> [Action item] All of the lines below need to be copied exactly, apart from the pictures.

> [Data extract]
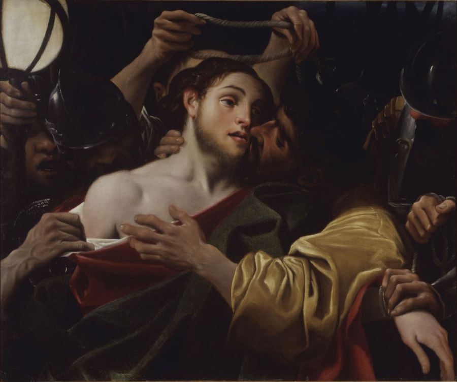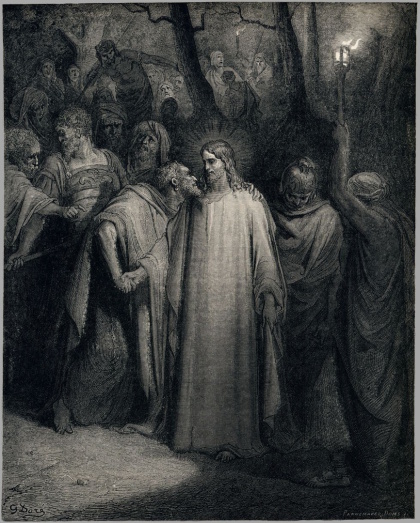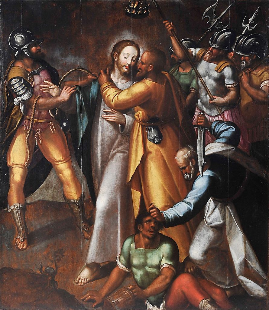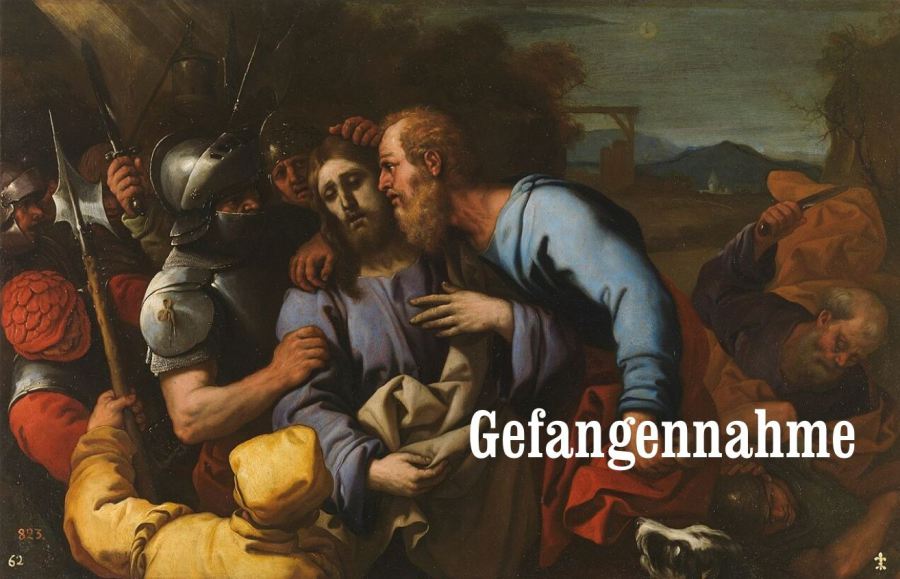 Mt 26, 47 Noch während er redete, siehe, da kam Judas, einer der Zwölf, mit einer großen Schar von Männern, die mit Schwertern und Knüppeln bewaffnet waren; sie waren von den Hohepriestern und den Ältesten des Volkes geschickt worden. 48 Der ihn auslieferte, hatte mit ihnen ein Zeichen vereinbart und gesagt: Der, den ich küssen werde, der ist es; nehmt ihn fest! 49 Sogleich ging er auf Jesus zu und sagte: Sei gegrüßt, Rabbi! Und er küsste ihn. 50 Jesus erwiderte ihm: Freund, dazu bist du gekommen? Da gingen sie auf Jesus zu, ergriffen ihn und nahmen ihn fest.
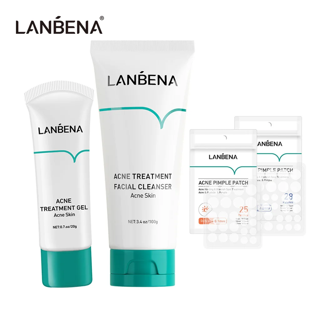 LANBENA новый набор для лечения акне уход за кожей лица удаление акне Ремонтный комплект усадка очищение пор моющее средство + гель от угрей + Патчи от акне
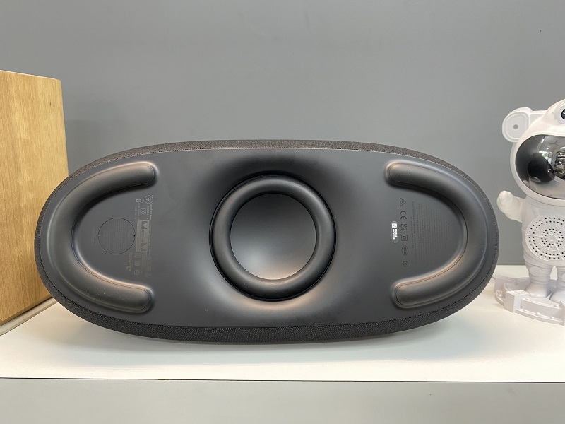 Thiết kế loa bass lộ thiên đánh dưới gầm hệt như những chiếc loa sub điện, giúp tiếng trầm sâu, lực hơn nữa và có độ lan tỏa giúp loa nghe tốt cả trong nhà lẫn ngoài trời. Những bản nhạc mạnh sẽ thực sự hoành tráng và bùng nổ.
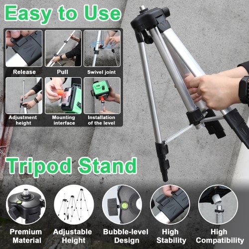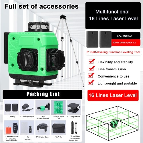 The laser level meter can emit 16 visible lase horizontal, vertical and oblique lines for the automatic leveling separately or simultaneously. Equipped with self-test calibration function, ≤3° automatic leveling, but if the angle is over 3°, the laser light will keep blinking and the laser level will make a beep sound to remind you to reset them on a flat ground. Comes with one tripod bar, which is made of thicken aluminum alloy material, 3-heights adjustable, suitable to most of laser level with 5/8" interface. It provides accurate horizontal and vertical data for indoor construction stakeout and calibration, easy to operate and versatile. Suitable for flooring tile layout, paneling, wallpapering, stenciling, wainscoting, finish carpentry, wall stud layout and partition installation.

> [Response to this task]
 Mt 26, 47 Noch während er redete, siehe, da kam Judas, einer der Zwölf, mit einer großen Schar von Männern, die mit Schwertern und Knüppeln bewaffnet waren; sie waren von den Hohepriestern und den Ältesten des Volkes geschickt worden. 48 Der ihn auslieferte, hatte mit ihnen ein Zeichen vereinbart und gesagt: Der, den ich küssen werde, der ist es; nehmt ihn fest! 49 Sogleich ging er auf Jesus zu und sagte: Sei gegrüßt, Rabbi! Und er küsste ihn. 50 Jesus erwiderte ihm: Freund, dazu bist du gekommen? Da gingen sie auf Jesus zu, ergriffen ihn und nahmen ihn fest.
 LANBENA новый набор для лечения акне уход за кожей лица удаление акне Ремонтный комплект усадка очищение пор моющее средство + гель от угрей + Патчи от акне
 Thiết kế loa bass lộ thiên đánh dưới gầm hệt như những chiếc loa sub điện, giúp tiếng trầm sâu, lực hơn nữa và có độ lan tỏa giúp loa nghe tốt cả trong nhà lẫn ngoài trời. Những bản nhạc mạnh sẽ thực sự hoành tráng và bùng nổ.
 The laser level meter can emit 16 visible lase horizontal, vertical and oblique lines for the automatic leveling separately or simultaneously. Equipped with self-test calibration function, ≤3° automatic leveling, but if the angle is over 3°, the laser light will keep blinking and the laser level will make a beep sound to remind you to reset them on a flat ground. Comes with one tripod bar, which is made of thicken aluminum alloy material, 3-heights adjustable, suitable to most of laser level with 5/8" interface. It provides accurate horizontal and vertical data for indoor construction stakeout and calibration, easy to operate and versatile. Suitable for flooring tile layout, paneling, wallpapering, stenciling, wainscoting, finish carpentry, wall stud layout and partition installation.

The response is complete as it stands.